Примерно в 1920 году большевики получили доступ к нефти Баку и Грозного – клондайк; и Ленин грозит «перерезать» всех местных, если те сожгут нефть или испортят промыслы; однако оказалось, что после нескольких лет Гражданской войны и интервенции сами нефтяные поля и оборудование пришли в катастрофическое состояние; заброшенным скважинам грозило обводнение, и если не начать откачивать воду прямо сейчас, объяснил Ленину Красин, то большевикам придется выстраивать всю нефтедобывающую промышленность с нуля – при том, что топливо нужно позарез и сегодня. Губкин представил Ленину альтернативное мнение: плохо, но не катастрофа, нужно просто эксплуатировать скважины хоть как-то, чтобы не затопило окончательно. Но и для этого нужно было найти оборудование – только за валюту, которой не было.

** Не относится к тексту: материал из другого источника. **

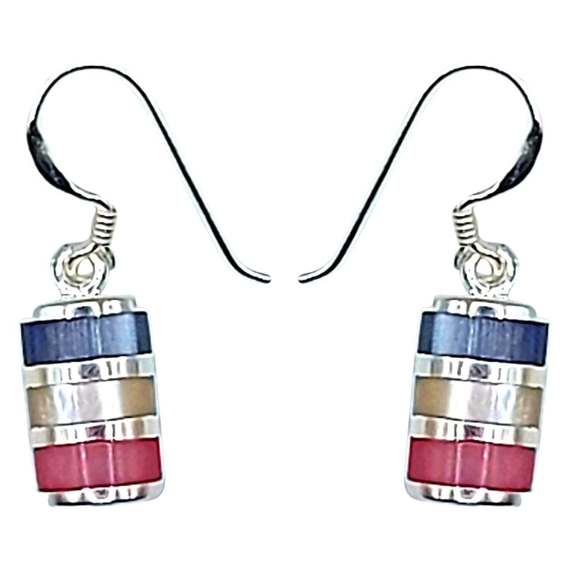 Silver Handmade Inlay Earrings Semi Precious Natural Shell- Multi Colour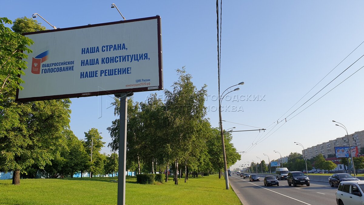 • Заголовок: Рекламные щиты к общероссийскому голосованию по внесению поправок в Конституцию РФ на улицах Москвы

И тогда Ленин разрешил Серебрякову продавать нефть самостоятельно, под его личным контролем (в нарушение госмонополии внешней торговли): и самим себя обеспечивать, и искать возможности концессий – нужны инвестиции в промыслы.
Прямые торговые контакты молодого Советского государства с внешним миром выглядели подчас экзотично; видимо, поначалу идея Ленина состояла в том, чтобы сам акт торговли, помимо собственно прибыли, приносил выгоду еще и как успешная партизанская атака на капитализм; например, выбрасывая на внешний рынок порции дешевой закавказской нефти, вы можете обрушить нефтяной рынок, хотя бы региональный. Ушлый Серебряков принялся гонять из черноморских портов в Константинополь нефтеналивные пароходы с маслом, бензином и керосином и продавать их спекулянтам; поскольку цена была ниже рыночной, товар у него с руками отхватывали – та же тактика, которой придерживается сейчас ИГИЛ (запрещенная в России). На вырученные деньги Серебряков договорился о приобретении машин для вращательного бурения, еды, одежды, мыла для рабочих. Сами Ленин и Серебряков прекрасно осознавали как первобытный (менять богатства страны следовало не на консервы и ботинки, а на технологии), так и нелегальный характер мероприятия – по сути, то было не что иное, как государственная контрабанда; в переписке они называли это «успешно корсарствовать».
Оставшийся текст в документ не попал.